Windenergie ist die indirekte Form von Sonnenenergie. Sie ist eine kinetische Energie und bezieht ihre Kraft aus den bewegten Luftmassen der Erdatmosphäre. Schon im Altertum war ihre Nutzung eine bekannte Möglichkeit aus der Umwelt Energie zu schöpfen. Weil die Sonne ungleichmäßig auf die Erdoberfläche strahlt, werden die Atmosphäre und die Land- und Wassermassen unterschiedlich erwärmt und es entstehen Druck- und Temperaturunterschiede. Dadurch geraden die Luftmassen an den Polen und um den Äquator in Bewegung. Zu einer Verwirbelung der Luftmassen trägt auch die schiefe Stellung der Rotationsachse der Erde bei, die für die Luftströmungen zu den verschiedenen Jahreszeiten sorgt. Weil die Erde sich dreht, sind die Luftmassen durch die Corioliskraft beeinflusst und können dadurch nicht geradlinig zum Ziel strömen.

Solarenergie

Durch Kernfusion wird diese Energie von der Sonne erzeugt und kommt als elektromagnetische Strahlung zur Erde. Die Sonnenergie ist schon über viele Jahrhunderte konstant und wird teilweise von der Erdatmosphäre aufgenommen und in Wärme umgewandelt. Ihre Intensität hängt von der Beschaffung der Atmosphäre ab. Die Bewölkung, die Feuchtigkeit der Luft und die Distanz, welche die Strahlen durch die Lufthülle nehmen müssen, spielen dabei die großen Rollen.

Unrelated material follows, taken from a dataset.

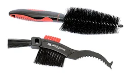 Simson Bike Maintenance Brush Set to thoroughly clean chains, blades, gears and brakes. The set contains two different brushes. Clean the bicycle chain and gear system with the multi brush. Use the serrated plastic edge to remove coarse dirt between the sprockets, whereafter the loosened dirt can be removed with the brush.

Biomasse als Quelle von Ökostrom

Die Biomasse ist die gesamte Menge an organischem Material von einem Ökosystem, welches durch Biochemie synthetisiert wurde. Sie enthält alle abgestorbenen Organismen, alle Lebewesen und organische Stoffwechselprodukte. Die Mikroorganismen stellen etwa 60 % der Biomasse auf der Erde dar. Biomasse wird von Pflanzen aufgebaut, die durch die Photosynthese in der Lage sind. Mineralstoffe, Wasser und Kohlendioxid zu erzeugen. In der Biomasse ist Sonnenenergie chemisch gespeichert und kann als Energieträger, der nachwächst, zur Gewinnung von Kraftstoff, elektrischer Energie oder Wasserstoff genutzt werden. Wird Biomasse zur Erzeugung von elektrischer Energie, Ethanol-Kraftstoff oder Cellulose-Ethanol verwendet, ist eine ausgeglichene CO2-Bilanz möglich, da nur die Menge Kohlendioxid ausgestoßen werden kann, die vorher gebunden wurde.